Closed jfischoff closed 3 years ago
Could this work be avoided by shifting how we interact with Haddock as we discussed for a bit?
The direct serving of tarballs of documentation as generated by Haddock is too rigid for what we'd really like to be able to do - just getting a parsed AST back so the content can be rendered in a template of our choosing would be more ideal. This implies that we need build no docs, only run the parser on the source in the tarball and validate that.
What you are referring to are the results of the doc, which ideally would not be HTML, but some intermediate format from Haddock.
But what regardless what is produced we will still need a plan to coordinate the work, and make sure that only one version of the docs is uploaded.
We haddock is modified to produce an intermediate format, then we can have non-trusted, i.e anyone build the docs. At this point in the future, it will more important only a small number of the docs that are built are uploaded since we will have more builders and thus more bandwidth from them.
@jfischoff what I'm proposing wouldn't require a dedicated doc builder or asynchronous process at all, it would happen on upload. It wouldn't require building the package at all.
@bitemyapp Won't Template Haskell stand in the way of that goal?
@bitemyapp Ah I see.
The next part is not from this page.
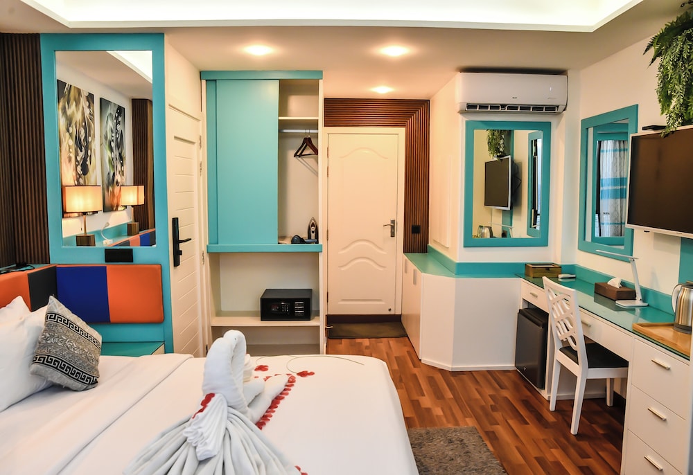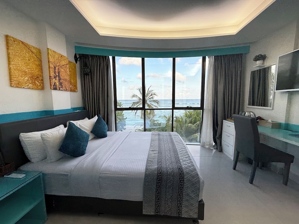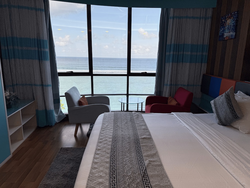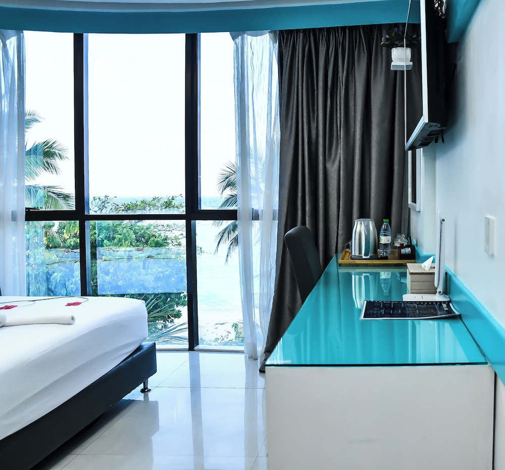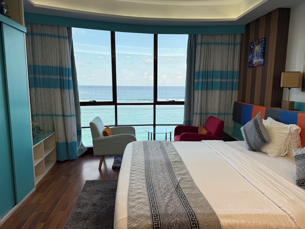 Położony w mieście Hulhumalé, The Hive Beach Hotel znajduje się 2 minut samochodem od atrakcji takiej jak Plaża na Hulhumalé i 10 minut od miejsca takiego jak Terminal promowy Hulhumale. Hotel (przy plaży) znajduje się 8,3 km od atrakcji takiej jak Centrum Islamskie Malediwów i 8,6 km od miejsca takiego jak Targ Rybny w Male. Poczuj się jak w domu w 22 klimatyzowanych pokojach. Bezpłatny bezprzewodowy dostęp do internetu zapewni łączność ze światem. Prywatna łazienka — wyposażenie: prysznic, bezpłatne przybory toaletowe i bidety. Udogodnienia obejmują sejfy i biurka oraz sprzątanie na życzenie. Udogodnienia biznesowe to recepcja całodobowa, przechowalnia bagażu oraz sejf w recepcji. Płatne udogodnienia to transport z i na lotnisko (całą dobę). Dostępne udogodnienia to bezpłatny bezprzewodowy dostęp do internetu, obsługa portierska oraz sala bankietowa. Do dyspozycji gości: restauracja i kawiarnia. W obiekcie takim jak hotel do Twojej dyspozycji pozostaje także obsługa pokojowa (w określonych godzinach). Codziennie hotel oferuje bezpłatne przyjęcie. Zrelaksuj się po całym dniu w barze/salonie klubowym.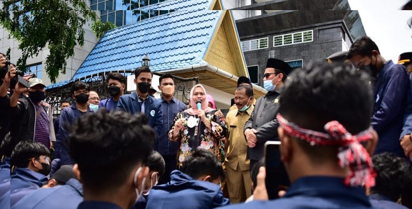 Bupati Bengkalis Kasmarni, Bersama Ketua DPRD Bengkalis H. Khairul Umam, Kapolres Bengkalis AKBP Indra Wijatmiko, Dandim 0303 Bengkalis Letkol inf Endik Yunia, Ketua Pengadilan Agama Bengkalis Hasan Nul Hakim, langsung berdiri di hadapan ratusan mahasiswa.

I also purposed this, and here are some reasons it is not ideal:
The other reason to use doc builders, is we will package builders online that can do the work for us, so we might as well use them.
@bitemyapp I don't think we can avoid actually doing more than merely parsing, as (beyond of stuff like TH and CPP) you also need to be able to perform name resolving (to find out where something reexported really comes from) as well as type-inferring if top-level type-signatures are incomplete. Also, some packages rely on non-trivial cabal configure
steps to create code and headers files, which then may affect the resulting code.
That is unfortunate, but makes sense. This should be useful regardless then, even if we can extract information via Haddock post-build later.
Also note that this plan covers coordinating builder clients that give us general build results, not just docs. So even in future if we can get haddock to produce data and have all clients upload that, this system is still useful for coordinating a pool of builder clients (think checking if things build & test results with various ghc/hp versions across a range of platforms).
Doc Builder Plan Notes
An attempt to record some conversations with @dcoutts
The idea is to ask all the (trusted) clients to build docs when building the packages. The clients upload a build report after the build has finished, with multiple components, one is a doc build report. Failure to receive a report after a timeout, will be is record as a failure.
The server will maintain a table for build results which could include doc result. Let's call it the Build Results table. It is possible this information is already stored in another table.
The server has a list of which platforms it prefers for the canonical copy of the docs for a package. We will call this the Preference List and it will stored in acid-state also. There will be CRUD operations for it from a REST API
Preference List
["ghc-7.6-windows-x86_64", ...]
The server will maintain a table in acid-state that has the docs it is looking for from the clients. The Doc Want table.
The table will have two columns
When a package is queued to build, the highest precedence entry is added to the Doc Want table.
When a client reports a failure:
It is possible that all three steps must be part of a atomic transaction, to keep the server from being in an invalid state.
Periodically the clients will poll the Doc Want table via a GET and upload the instances of the docs that they (the build clients) have that the server also wants.
When the Docs have been successfully uploaded they are removed from the Doc Want table, and success is returned to the client.
There optimizations that can be made, but for the first pass it's important it is correct, durable, and resilient to failure.
One area I am worried about, is the possibility that the server will have an entry in the Doc Want table that has failed.
I think some more thought can help prevent this, or reduce the probability, but it is also worth thinking of a system that can detect this invalid state potentially in production.